An Overview of DoltHub Infrastructure

July 23, 2021

5 min read

DoltHub is our web application for working with, sharing and collaborating on Dolt databases. We host dolt remotes and run bounties on DoltHub, among other things. Sometimes when talking with customers or candidates, we get questions about how infrastructure at DoltHub is currently structured and generally how things work. This blog post is a point-in-time snapshot of generally how we’ve built things out so far.

Overview#

The major components of DoltHub are currently:

The frontend, consisting of HTML, Javascript, CSS and other assets delivered to a user’s browser.
A GraphQL API for the frontend, with queries and mutations to load and change dynamic data on DoltHub.
Backend service APIs, which maintain metadata and data on DoltHub, implement business rules, and provide a common interface for GraphQL resolver and mutation implementations.
Dolt remotes hosting, consisting of an API which Dolt clients can resolve databases against, and database storage.

In addition, we have plenty of smaller adhoc stuff going on, but this blog post will focus on these major components for now.

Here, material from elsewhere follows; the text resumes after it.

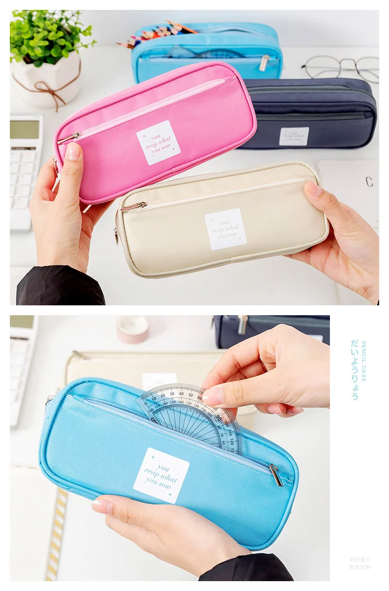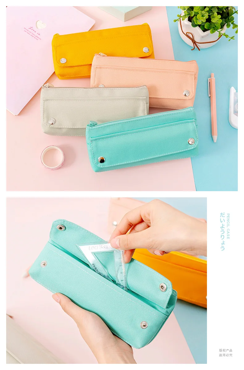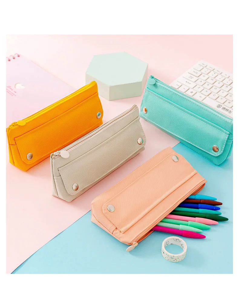 Пенал большого объема для кавайный чехол для карандаша, школьные Канцтовары карамельных цветов, милый холщовый чехол для ручка для девочек и студентов

In general, our infrastructure is deployed within AWS. We love the flexibility, incremental pricing and very broad product offerings that come with the major public cloud providers. Much of what we build is intentionally cloud agnostic, which we think is important for strategic and operational cost reasons, but we sometimes take vendor coupling where differentiation and operational costs shift the balance.

We will get into specifics shortly, but our first-party code invariably runs within AWS EKS clusters. For durable storage, we generally make use of RDS, DynamoDB and S3.

How we use EKS#

EKS is AWS’s hosted kubernetes offering, and we’ve been using it since nearly the very beginning of DoltHub. We deploy all of our first party services into EKS clusters, and we use a GitOps like workflow where every logically deployable kubernetes artifact is represented by a kustomize manifest within our source repository. We build Docker images with BuildKit and Bazel, and we push them to ECR before updating the deployed artifacts manifests in the repository and applyint the manifest changes to our clusters. We will sometimes manually rollback with kubectl rollout undo, or scale up with kubectl scale, but shortly after any manual changes to the cluster we update the manifests and image artifacts hashes in the repository and go through a deployment.

We chose Kubernetes as a cloud agnostic control plane and API for deploying first- and third-party applications in a standardized way. It has a ton of community support behind it and expertise and support are easy to find. It comes with a steep initial learning curve, but hosted offerings lower the operational costs substantially and the general abstractions and constraints it presents to application developers helps to keep the software we’re deploying on it decoupled and following best practices.

DoltHub Frontend#

DoltHub itself is built as a Next.js application. The functionality is almost entirely client-side, and it does not currently make much use server-side rendering, although we would like to in the future. We do currently implement some server-side code for things like feature gates and oauth access token exchange, but it’s quite minimal.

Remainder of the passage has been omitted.